Second and last part tomorrow.

From Italy, the habit of blonding hair travelled to France, bringing back the fashion of tinting hair, which had been stopped for a while.  At the beginning of the reign of Henri IV, it was still there.  Under Louis XIII, it continued.

Eyebrows were not only drawn with pencils, they were also tinted with the colours used for beards and hair.  Monsieur d’Humieres used it for his son, tinting his red hair, black.

The use of wigs finally relegated tinting to the apothecary’s shop, or the alchemist’s laboratory.  It isn’t really until the Second Empire that we see the fashion of tinting hair re-appear.

The colour is brassy blond, as they said at the Hotel Rambouillet.  Or, as Eugene Sue’s heroine has since said, the Cardoville colour came back into vogue.  People competed to see who could display the most beautiful red hair, or who could obtain the most golden tone.

Two personalities, each famous in his or her way, were victims of this mania, which was not as inoffensive as generally thought.  The first is Mlle Mars, who tinted her hair in the hope of conserving her youth.  She succumbed, in one night, to a series of cerebral accidents, which had been set off by an application of dye.

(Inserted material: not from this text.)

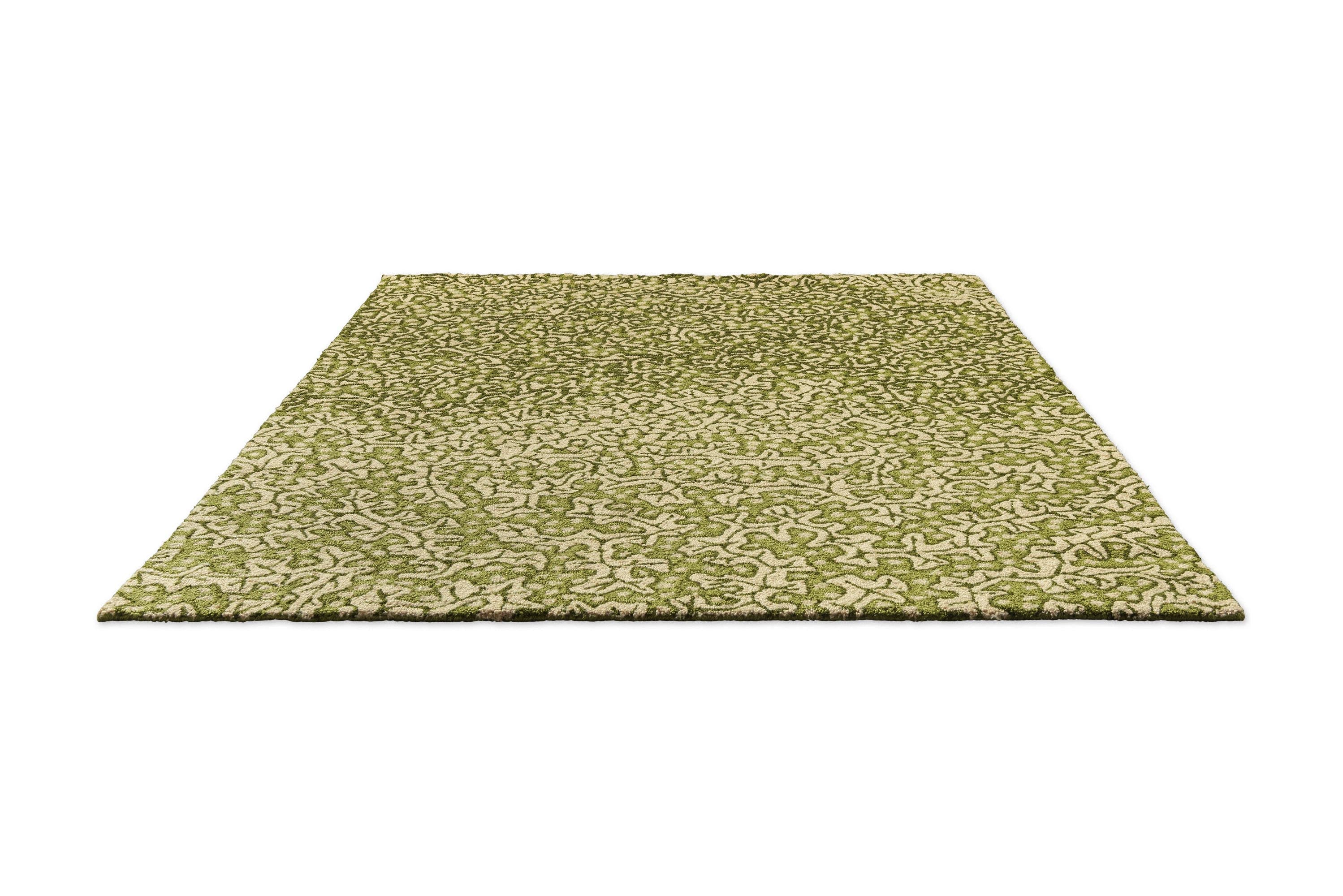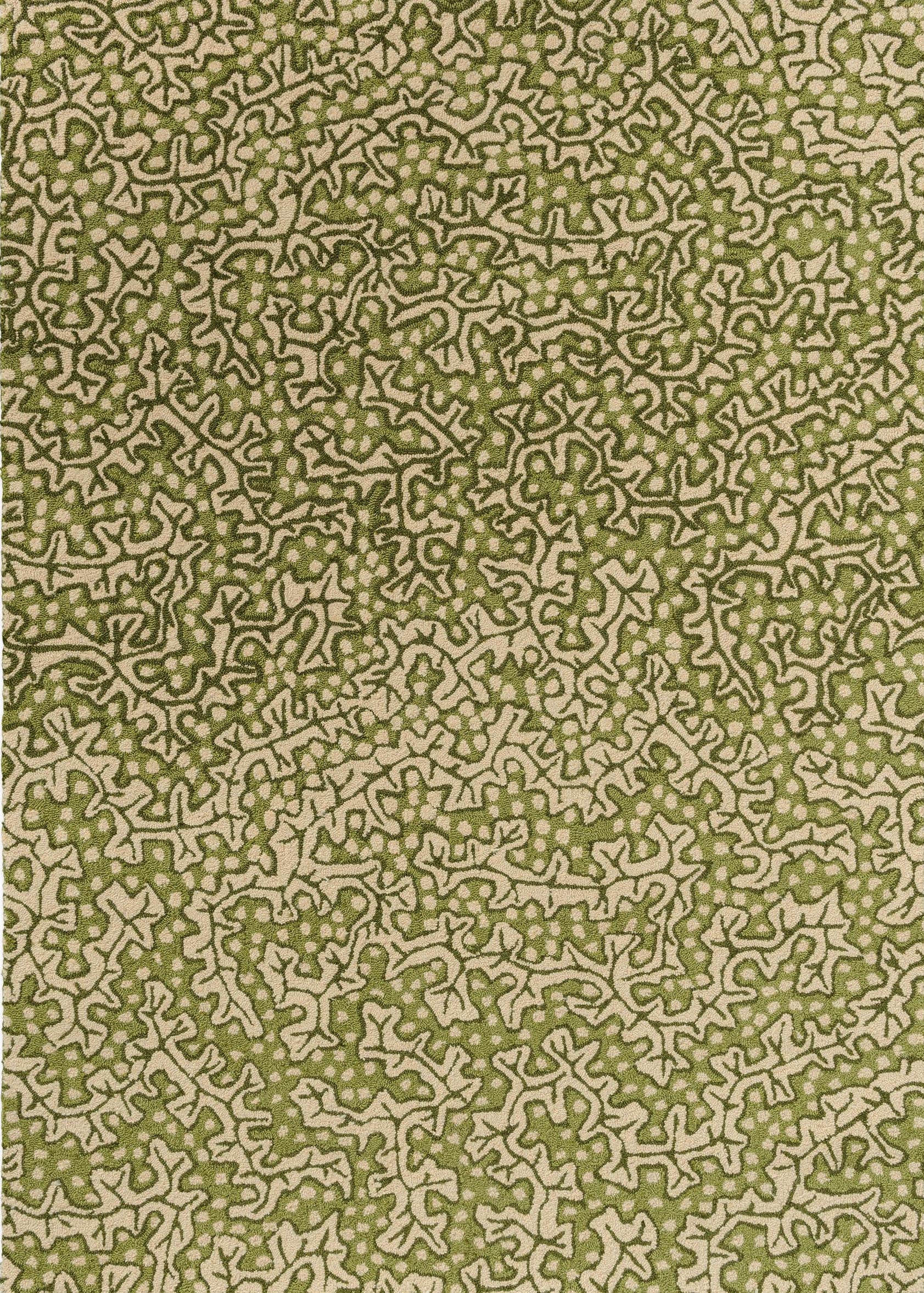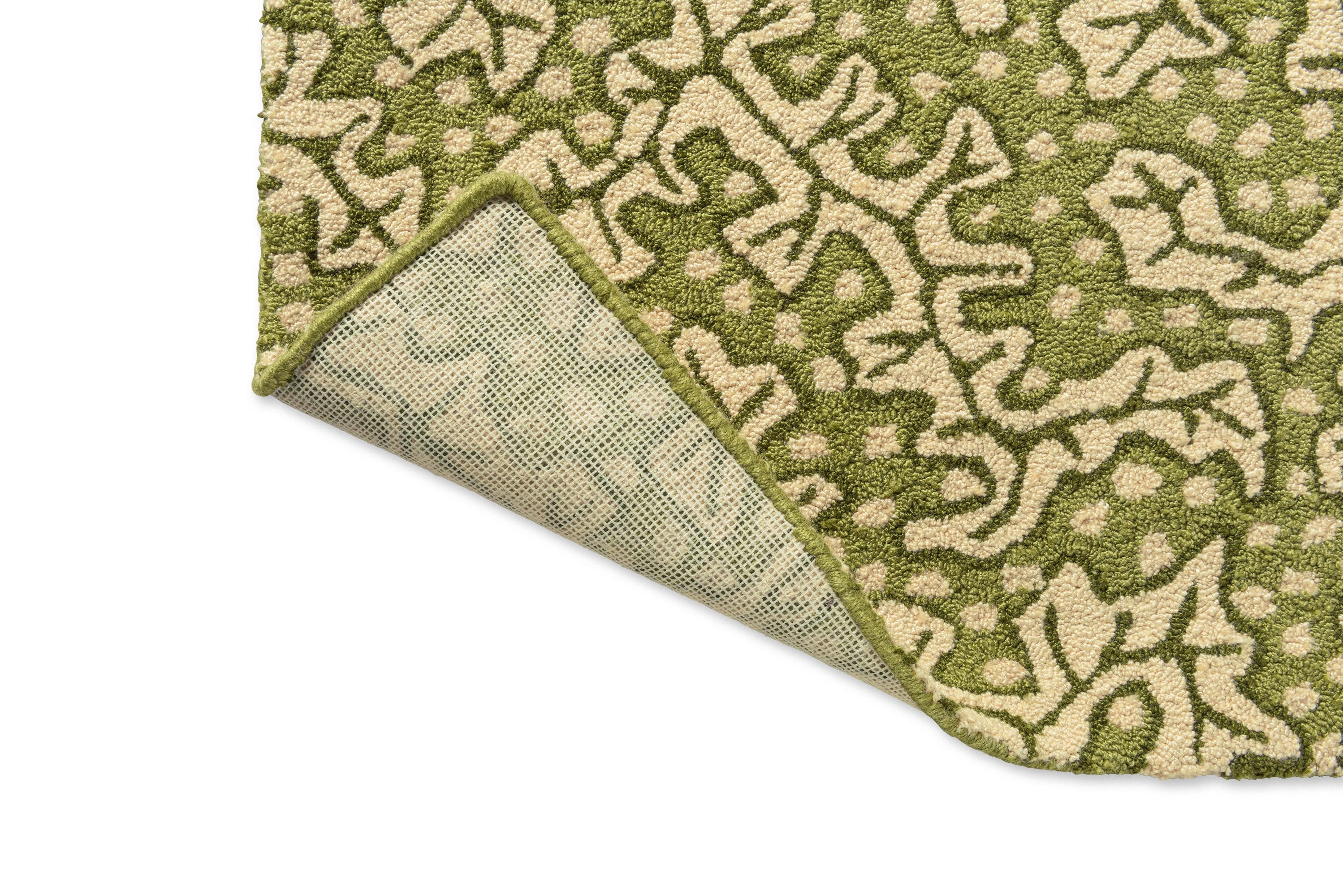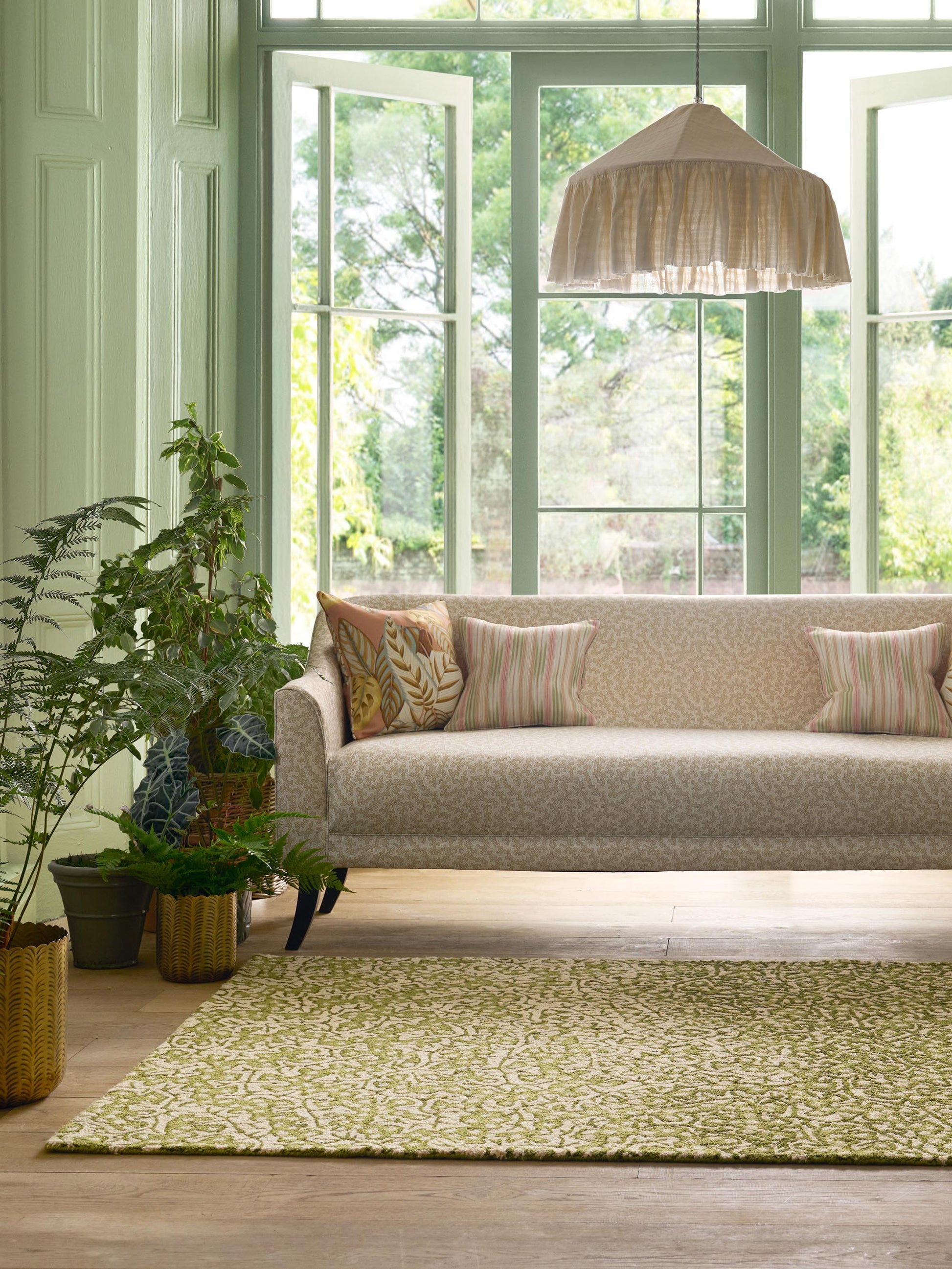 The Sanderson Truffle Olive 446007 outdoor rug features a calming olive green base with soft abstract patterns inspired by natural textures. Made from 100% recycled PET fibers, this hand-tufted rug combines weather-resistant durability with a plush 6mm pile, perfect for patios, balconies, or garden rooms seeking a refined yet resilient flooring solution.
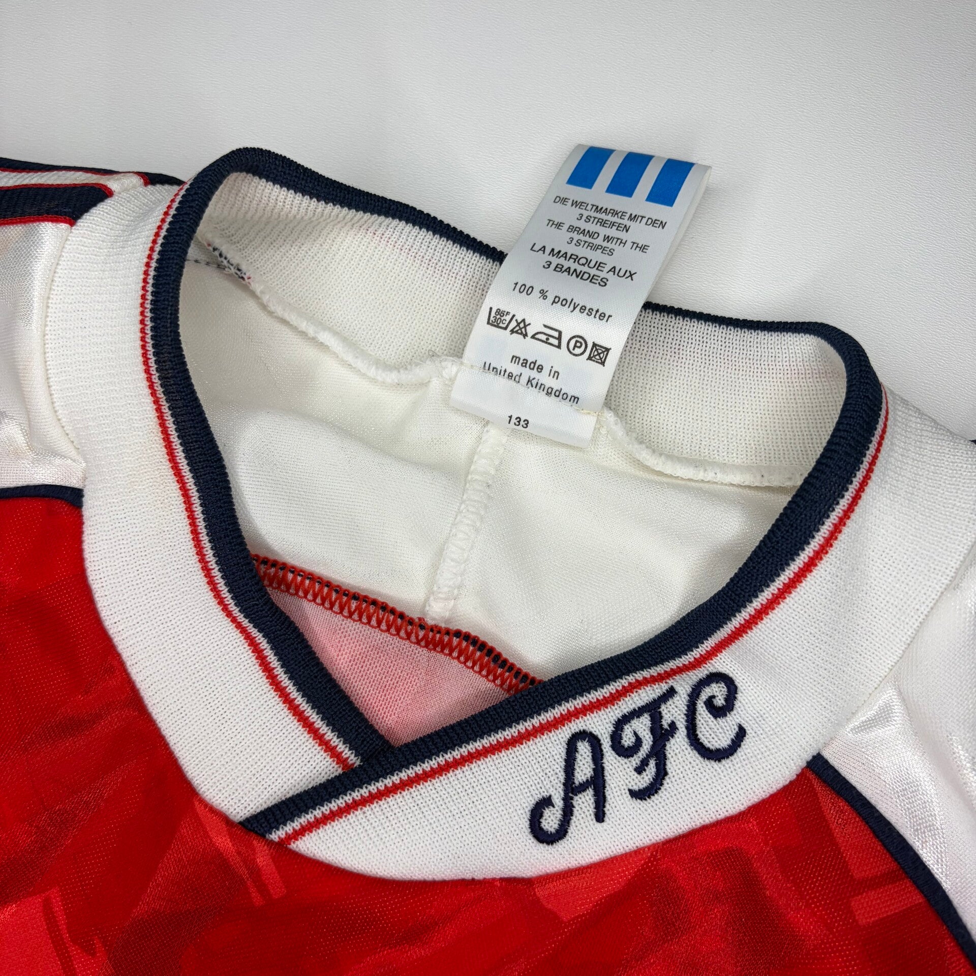 Beschreibung: Originales Home Trikot vom FC Arsenal London aus der Saison 1990/91. Eines der beliebtesten und legendärsten Trikots vom FC Arsenal. Getragen von Legenden aus England wie Ian Wright und Tony Adams. Das Trikot ist nicht die Re-Issue Version, sondern das Original aus 1990/1991.

The second victim – less proven – is supposedly the Duke de Mornay.  He apparently expired in the same way.  A victim of his desire to continue, in spite of his age, to be seen as the most accomplished cavalier, the most distinguished gentleman, the one who set the tone at court and in town.

At the beginning of the XXth Century, the art of tinting made considerable progress.  Unfortunately, it must be recognized that it was to the detriment of hygiene and public health.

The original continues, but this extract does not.